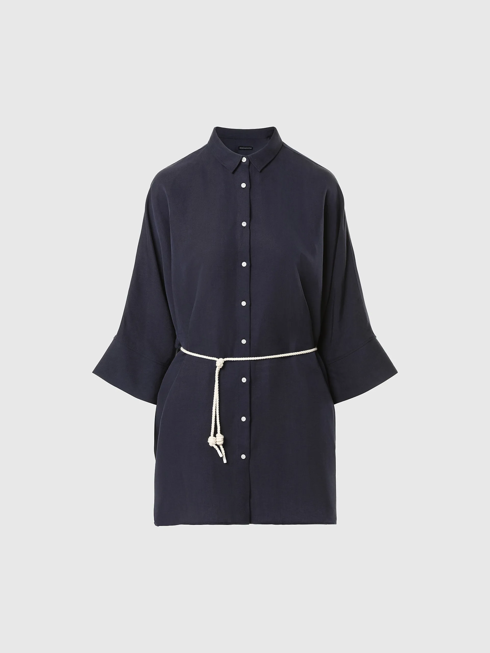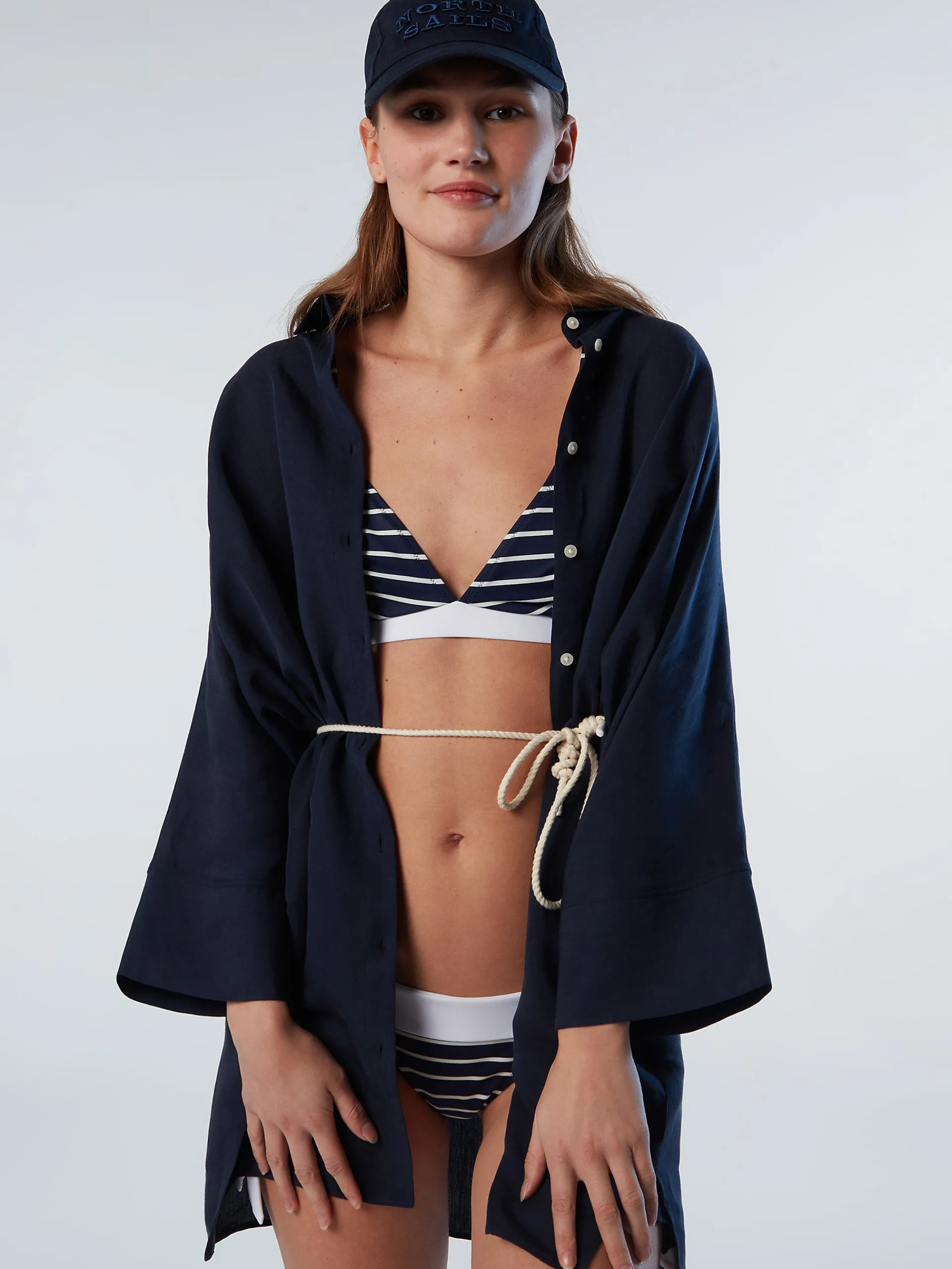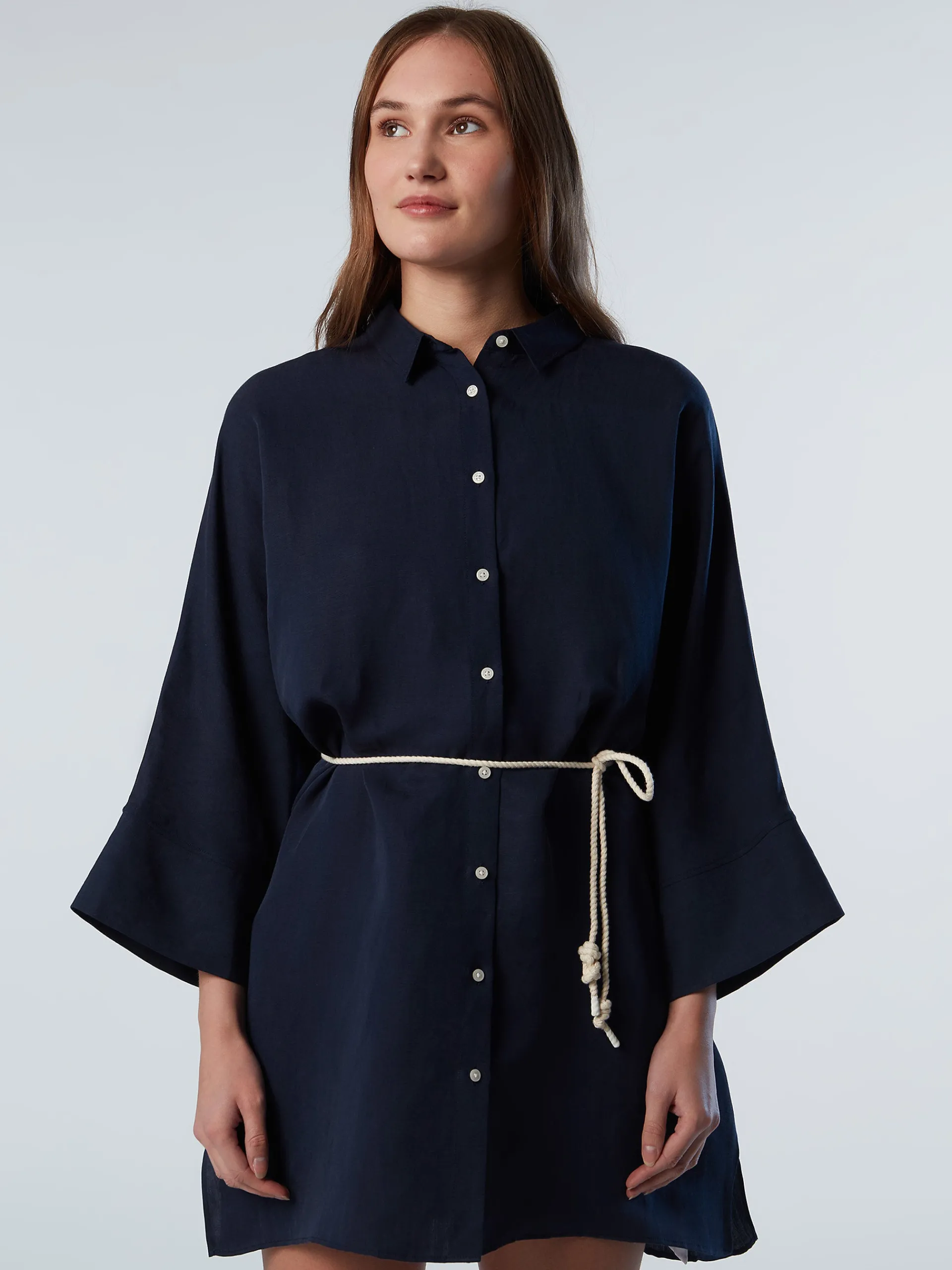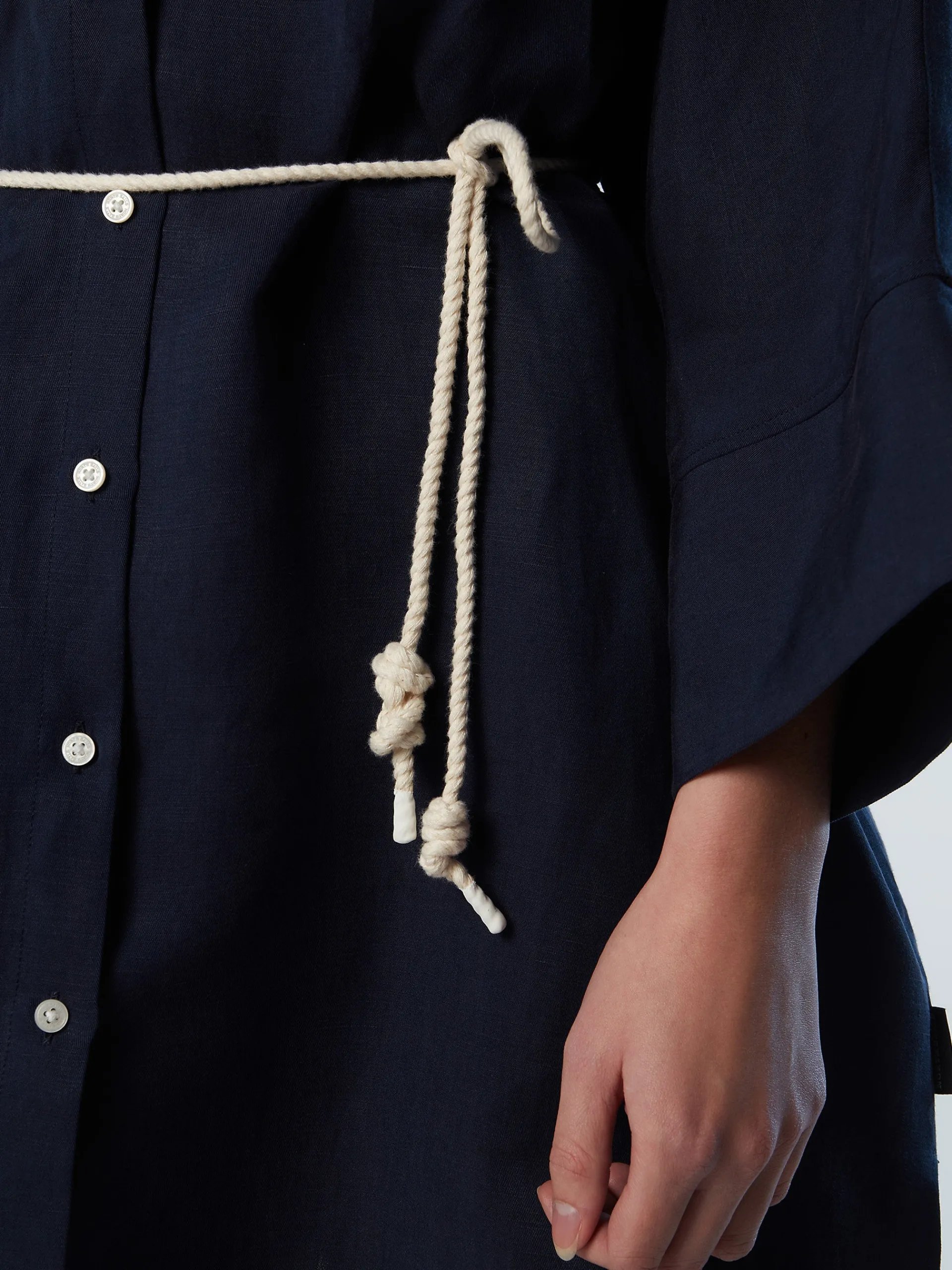 L'abito perfetto per l'estate è questo chemisier con maniche larghe a kimono dal look disinvolto e leggero. Progettato pensando allo stile e al Pianeta, il modello è realizzato in lino ultra resistente e tencel, due fibre naturalmente traspiranti e riciclabili. La coulisse enfatizza il punto vita e conferma il DNA North Sails legato al mare.
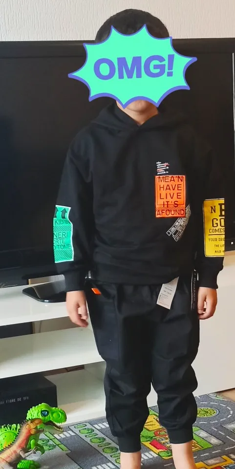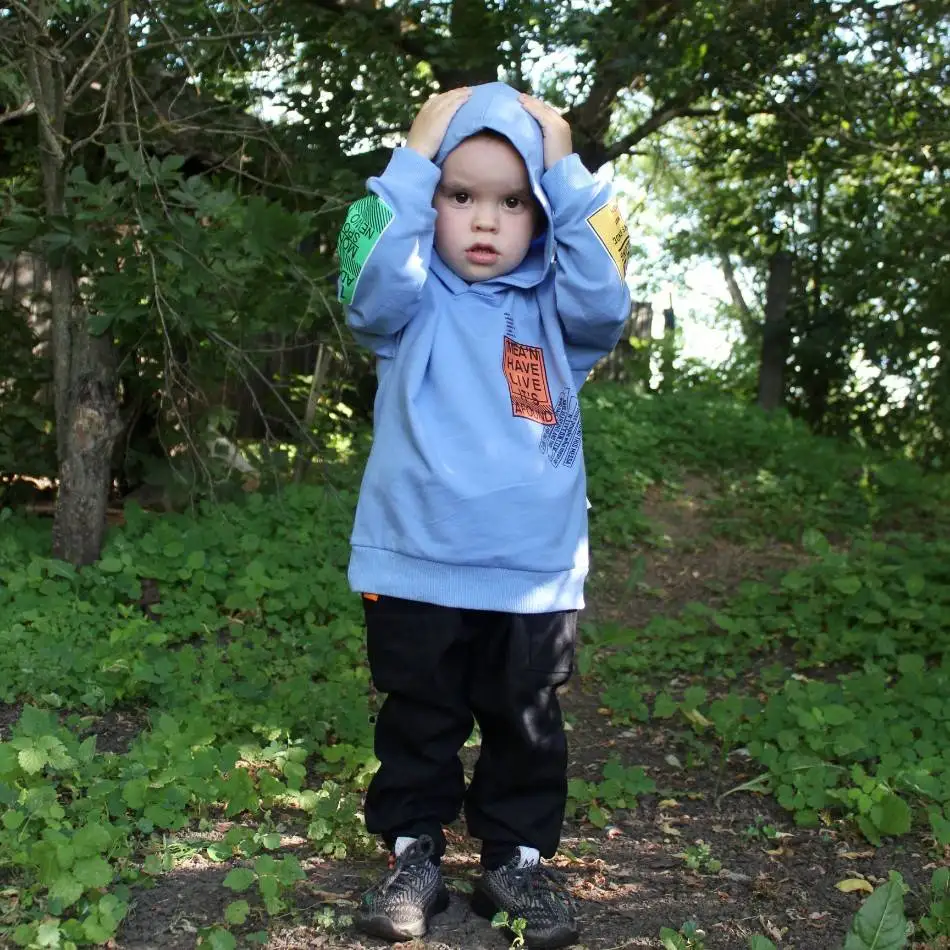 Ну прелесть. Очень хорошее качество. Не маломерит. Сыну 2 года 4 мес. Вес 12 кг. Запас есть. Ткань у свитшота и штанишек отличается. Штанишки более плотные. Принт наклейка. Капюшон глубокий. Карманы на штанишках функциональные. Резинка хорошо тянется. Рекомендую. Единственное на капюшоне нет шнуровки как на промо фото, но по отзывам я это уже знала. Берите. Очень хороший магазин.
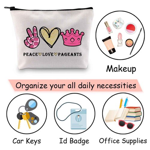 JXGZSO Pageant Queen Gift Beauty Pageant Gift Pageant Crown Cosmetic Bag Peace Love Pageant Makeup Pouch Pageant Zipper Bag
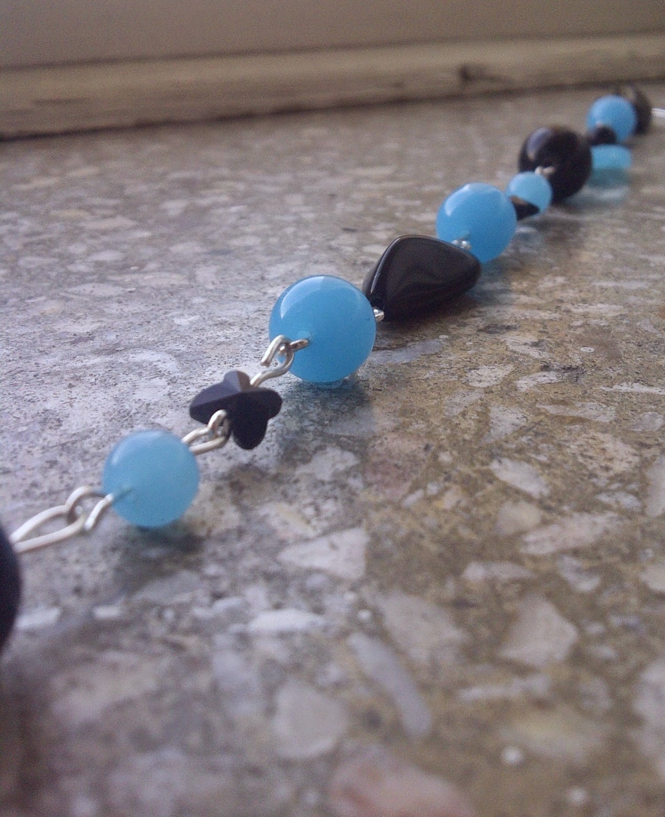 Koraliki szklane (zielone), żywiczne (czerwone) i ceramiczne
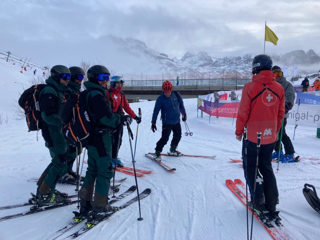 La práctica de primeros auxilios la realizaron con el equipo de pisters de la estación Aramón Formigal-Panticosa. Se trataba de una de las prácticas finales de la formación que reciben estos futuros guardias de montaña en materia de Primeros auxilios.
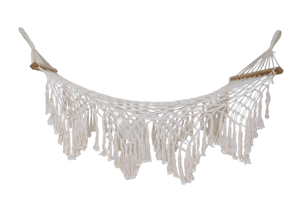 Outdoor-Hängematte aus Acrylseil, erhältlich in der Farbe Ecru, von Hand mit der Makramee-Technik gewebt und geknotet. Holzteile mit fein geschliffener Oberfläche. Diese mit Makramee-Weberei verzierte Hängematte passt perfekt in jede Umgebung, auch in die eleganteste.
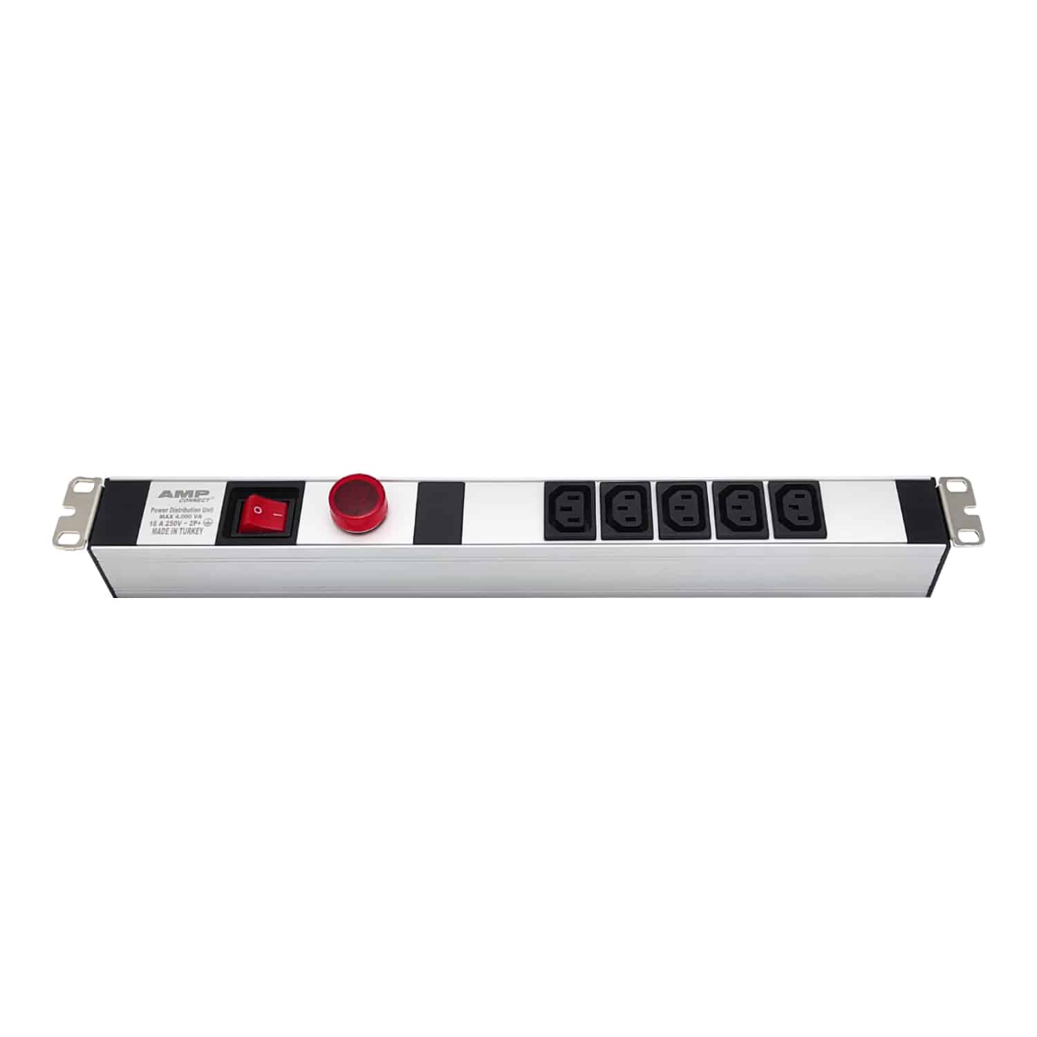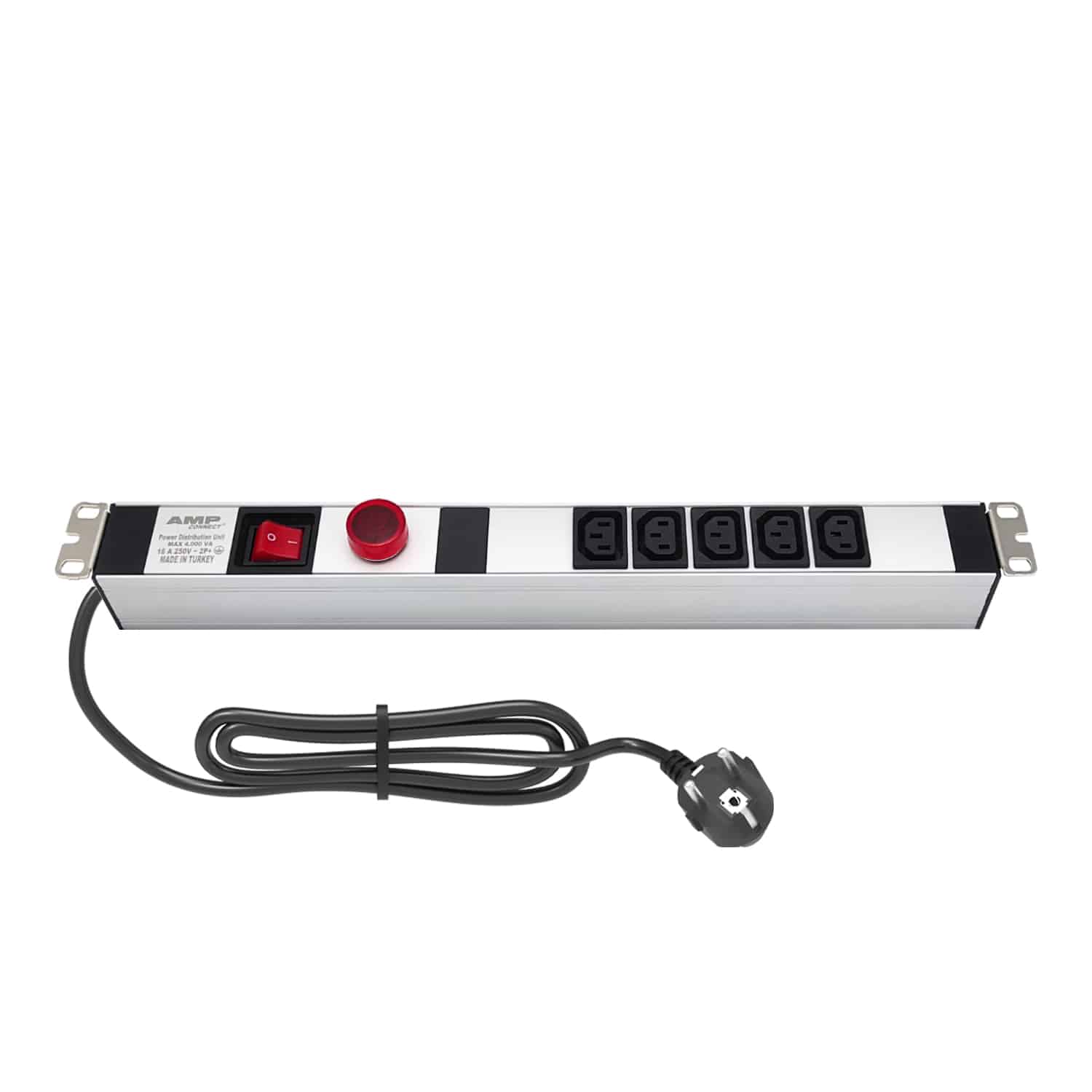 19” 1U 5 WAY IEC320 C13 SOCKET WITH CURRENT AND VOLTAGE DISPLAY, ON / OFF LIGHTED SWITCH, 3X1,5 mm² NYMHY CABLE, ALUMINIUM PROFILE FRAME POWER DISTRIBUTION UNIT

*WHAT THE TASK ASKS*. Copy exactly, and only, the lines from the line containing "Ну прелесть. Очень" through the final line of the material above, with no pictures.

*EXERCISE SOLUTION*.
 Ну прелесть. Очень хорошее качество. Не маломерит. Сыну 2 года 4 мес. Вес 12 кг. Запас есть. Ткань у свитшота и штанишек отличается. Штанишки более плотные. Принт наклейка. Капюшон глубокий. Карманы на штанишках функциональные. Резинка хорошо тянется. Рекомендую. Единственное на капюшоне нет шнуровки как на промо фото, но по отзывам я это уже знала. Берите. Очень хороший магазин.
 JXGZSO Pageant Queen Gift Beauty Pageant Gift Pageant Crown Cosmetic Bag Peace Love Pageant Makeup Pouch Pageant Zipper Bag
 Koraliki szklane (zielone), żywiczne (czerwone) i ceramiczne
 La práctica de primeros auxilios la realizaron con el equipo de pisters de la estación Aramón Formigal-Panticosa. Se trataba de una de las prácticas finales de la formación que reciben estos futuros guardias de montaña en materia de Primeros auxilios.
 Outdoor-Hängematte aus Acrylseil, erhältlich in der Farbe Ecru, von Hand mit der Makramee-Technik gewebt und geknotet. Holzteile mit fein geschliffener Oberfläche. Diese mit Makramee-Weberei verzierte Hängematte passt perfekt in jede Umgebung, auch in die eleganteste.
 19” 1U 5 WAY IEC320 C13 SOCKET WITH CURRENT AND VOLTAGE DISPLAY, ON / OFF LIGHTED SWITCH, 3X1,5 mm² NYMHY CABLE, ALUMINIUM PROFILE FRAME POWER DISTRIBUTION UNIT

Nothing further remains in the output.